As part of it, agents traveled to Peru to find out more about the activities there from nearly 20 years earlier.
As to whether the MLARS investigation factored into the decision by the U.S. government to execute the current Irish extradition warrant, DOJ spokesperson Nicole Navas said the department would have no comment beyond its news release containing the basic facts of Gibney’s arrest.
Khodarkovsky did not respond to a request for comment.
Living in Florida in 2010, during a time when he faced a new round of publicity of the Irish extradition campaign, Gibney applied for naturalized citizenship. Documents in the FOIA case show that U.S. Citizenship and Immigration Services (USCIS) bounced the application and invited him to resubmit it after first correcting the failure to answer correctly the question of whether he had ever been arrested or charged with a crime.
Evin Daly, an Irish-American who runs an advocacy group, One Child International, had alerted U.S. officials to the details of Gibney’s 1990s arrest and indictment. (In 1998, an Irish government report on widespread abuse in the country’s youth swimming programs had concluded that the evidence accumulated against him by police “vindicated” his many accusers.)
USCIS, a State Department agency, ultimately rejected Gibney’s citizenship application. The FOIA documents show that Immigration and Customs Enforcement (ICE) was brought in to consult on whether Gibney’s withholding of key information on his citizenship application would bring other consequences. According to a letter by an ICE official, the determination was made that Gibney was not “removable” because he had never been convicted of a crime.
This month’s arrest marked the anti-abuse campaign’s long-sought victory to bring him before Irish criminal courts for a second time. Until her retirement in 2020, a leader of the campaign was Irish legislator Maureen O’Sullivan.
One allegation against Gibney is that in 1991, while still coaching in Ireland, he is purported to have raped and impregnated a 17-year-old swimmer on a training trip in Tampa, Fla.
The woman recounted the incident, on camera with her face obscured, in 2006 on the Irish television program “Prime Time.”
In 2015, Justine McCarthy of the Irish edition of the Times of London — now a columnist for the Irish Times — reported that the woman told Garda, Ireland’s national police force, “that a high-ranking official in the sport” gave her drugs that made her groggy and traveled with her to a London abortion clinic to terminate the pregnancy.
The report said both the woman and her parents gave written statements to the police regarding the alleged rape and its aftermath.

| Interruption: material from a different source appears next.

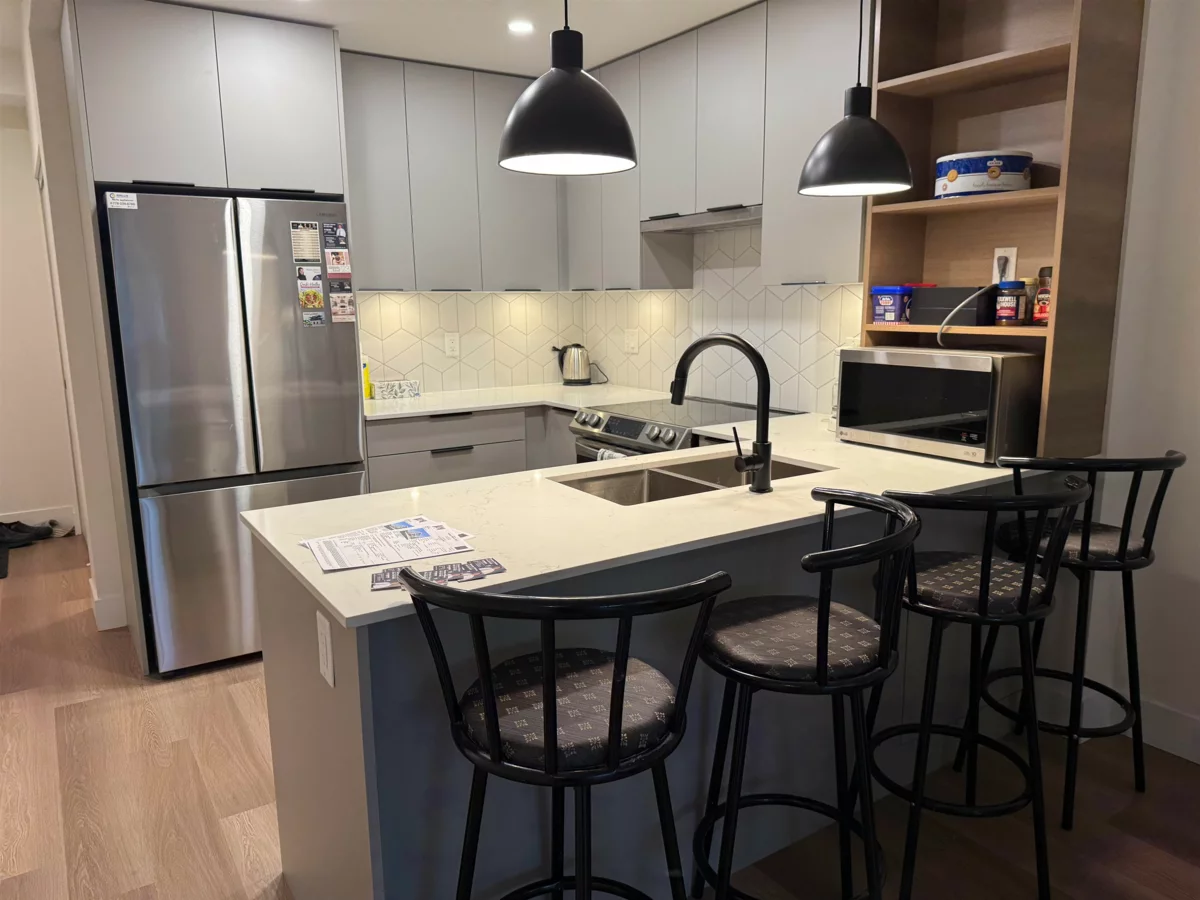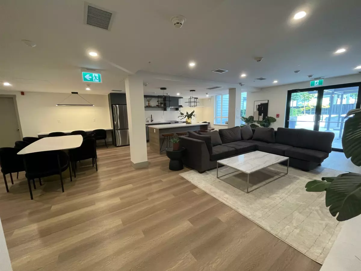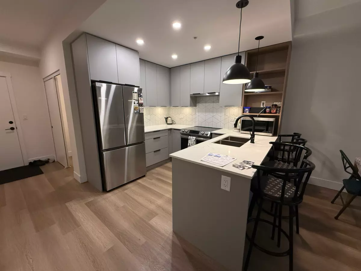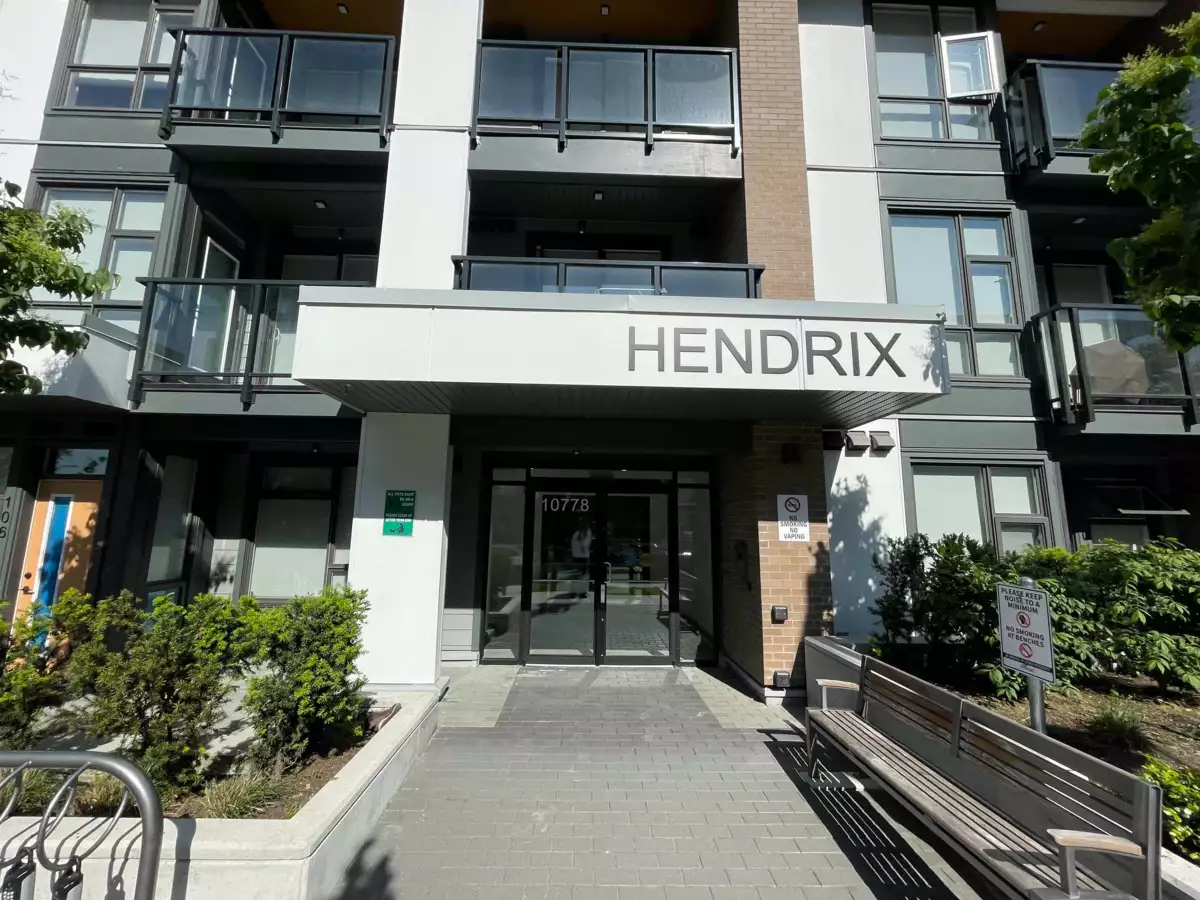 Buy this almost brand new 1 BR + Den unit in a 2-year-old Hendrix condo building, located just a few minutes' walk to the Gateway Skytrain station and just a few minutes by transit to great shopping, restaurants, library, recreational facilities, medical offices, and various services. This urban modern home boasts a gorgeous kitchen with polished quartz countertops accented with porcelain backsplash, soft-closing cabinets and drawers, a stainless steel undermount sink, and stainless steel-faced appliances. HENDRIX also showcases a fireside lounge, fabulous party room with a kitchen & dining area extending outside the courtyard. Enjoy the fully equipped gym and yoga studio with a courtyard view. The parking has been roughed in for electric vehicle charging. Great home and great investment!

U.S. attorney Little said that while the Gibney arrest was cause for celebration, especially for the four female complainants and for those who previously sought redress for abuse, some of them now dead, it could not substitute for a solution to the systematic problem of youth sports coach abuse.
“Justice is important, and that’s true even in very old cases like Gibney’s that carry the danger of ‘justice delayed, justice denied,’” Little said. “But for fixing the ongoing vulnerability of young athletes to the predation of authority figures, an even more important principle is institutional accountability.
“George Gibney and many others like him have been enabled for years, for decades, by sports governance bodies in every country, which care most about protecting themselves and bringing in more medals and more money.”
California-based journalist Irvin Muchnick is author of “Underwater: The Greed-Soaked Tale of Sexual Abuse in USA Swimming and Around the Globe,” which was published last year.